ABOUT THIS EXERCISE: Only the lines below between the one holding "Apteka w Grimstad" and the one holding "Рис. 1. Прості гуцульські вишивки", inclusive, are to be reproduced word for word; the pictures are to be left out.

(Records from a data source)
++++++++++++++++++++
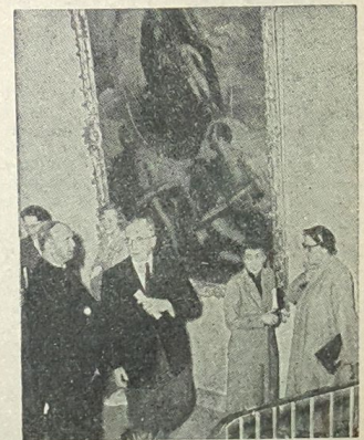
Welfenschatz-Ausstellung wurde eröffnet
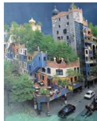
Το όραμα του Hundertwasser για πράσινες οροφές

«Παρά τις αντιρρήσεις, πρέπει η ζωή να συνεχίσει να προχωράει και να προσπαθούμε να κάνουμε τον κόσμο καλύτερο».
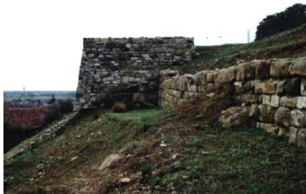
Tratti della cinta muraria medievale della Rocca del Colle
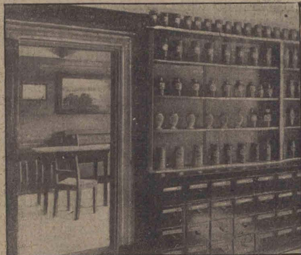
Apteka w Grimstad w której Ibsen wykonywał swój pierwotny zawód. W tyle pokoi, służący mu za mieszkanie, w którym powstały jego pierwsze utwory.
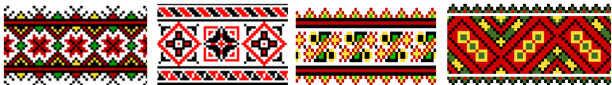
Рис. 1. Прості гуцульські вишивки

В основі гуцульської вишивки лежить геометричний орнамент, який складається із простих, ламаних, хвилястих, скісних, прямих та зубчастих ліній. Домінуючими у вишивці є квадрат, внутрішня площа якого заповнена хрестами, ромбами чи розетками. Зразки простих гуцульських вишивок візуалізовано на рис. 1.
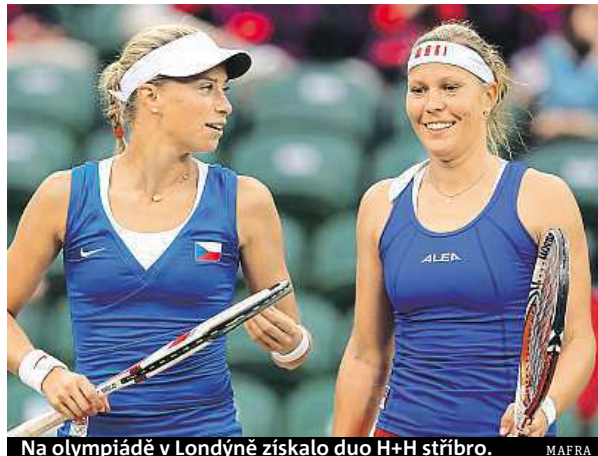
Na olympiádě v Londýně získalo duo H+H stříbro.

V tomto případě šlo o celkem očekávaný krok nehráčiho kapitána Petra Pály, stejně jako v případě nominování české jedničky Petry Kvitové a 17. hráčky světa Lucie Šafářové. S jedním překvapením ale Pála přeci jen přišel. V jeho širším výběru jsou
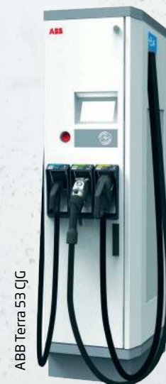
ABB Terra 53 C1G
++++++++++++++++++++
ANSWER AREA:
Apteka w Grimstad w której Ibsen wykonywał swój pierwotny zawód. W tyle pokoi, służący mu za mieszkanie, w którym powstały jego pierwsze utwory.
Рис. 1. Прості гуцульські вишивки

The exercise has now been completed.